O Demétrio mostrou na interinidade anterior que está disposto a fazer propaganda. Aquele Código de Ética era pura propaganda (em setembro, Demétrio assinou um decreto que prevê obrigações éticas e morais para os servidores públicos). Estava evidente que foi feito para responder a situação atual da Prefeitura. Não foi o produto de um trabalho elaborado, de uma tradição de cultura e ética. Eu chamei de esparadrapo colocado sobre o câncer. Nisso, ele imitou o governador do Rio de Janeiro, Sérgio Cabral, denunciado pelo uso de jatinhos, que criou um código de ética para a administração. Sou sempre contrário a estes códigos de ética que são reduzidos ao estatuto de propaganda. Ele pode conquistar de novo a opinião pública, mas precisa ser mais prudente e escolher melhor seus auxiliares. Esta discussão do chefe de gabinete (Nilson Lucilio), questionando de forma desabrida e imprudente o trabalho do Gaeco, não faz sentido...
Advogados do prefeito e membros do PT falam que as ações do MP têm motivação política. O senhor concorda?

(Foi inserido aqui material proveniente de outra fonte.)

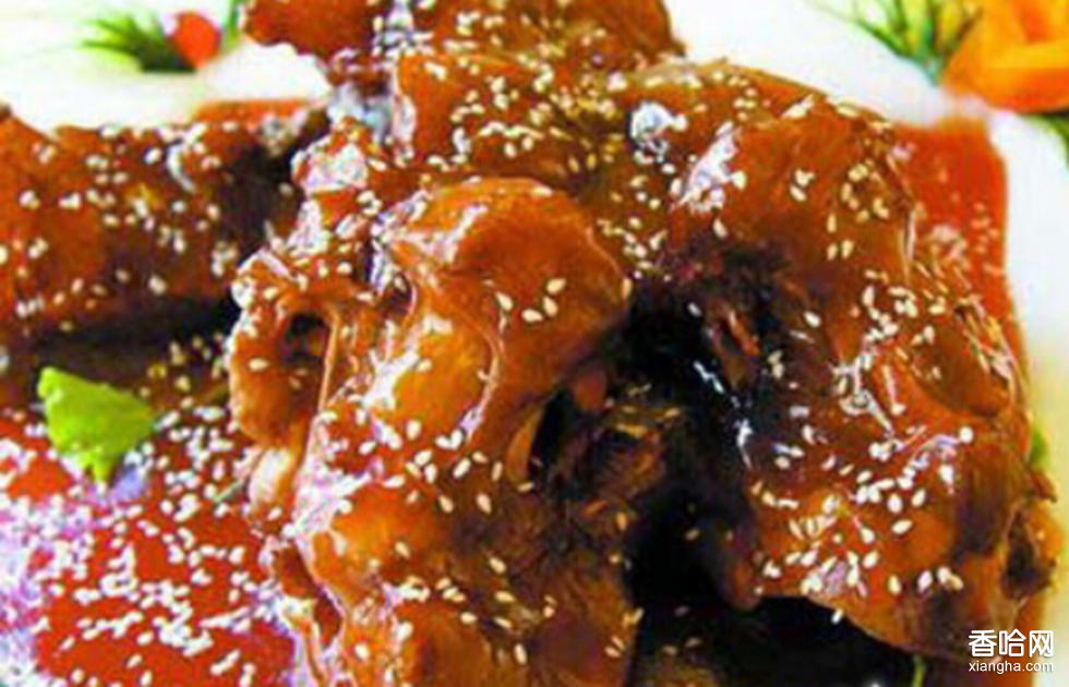 絲路駝?wù)朴置┥今務(wù)?,是一道色香味俱全的漢族名肴,屬于甘肅菜。在古代的絲綢之路上,駱駝是最主要的交通工具,它能在戈壁沙漠中長途跋涉,主要憑借那四只堅(jiān)實(shí)的駝?wù)?。由于駝?wù)迫渴墙?,其營養(yǎng)價(jià)值很高。但駱駝壽命長,一般很少宰殺,所以駝?wù)坪茈y尋覓,它與熊掌一樣名貴。

Não é impossível, mas, neste caso, é muito difícil de se provar esta afirmação. Já vimos casos no Ministério Público Federal de procuradores da República que foram punidos por escolherem alvos contrários a certa ideologia. O MP é composto por seres humanos que vivem em sociedade e que têm opinião. Mas, no caso de Campinas, as provas são robustas. As alegações do MP e sua argumentação são perfeitamente legítimas do ponto de vista da apresentação jurídica.
Quem defende esta tese alega que nas escutas interceptadas pelo Gaeco há empresas do governo estadual — administradas pelo PSDB — e que não se tem notícias de nenhuma investigação.
Acho que, em vez de alegar isso, deveriam entrar com uma representação para que isto fosse investigado. Qualquer cidadão tem o direito de exigir no MP que o caso seja investigado, se existe esta suspeita, deve ser cobrada. O fato de empresas do Estado estarem nas escutas não apaga das conversas as pessoas que estão sendo investigadas e processadas. A menos que se aceite a lógica que todos são ladrões. Se assumirmos que todos são iguais e ninguém deve ser punido, estamos no descalabro absoluto. Isso é o fim do mundo do ponto de vista ético. Se existe desconfiança, devem cobrar o MP em São Paulo para que abram investigação em São Paulo contra o Estado.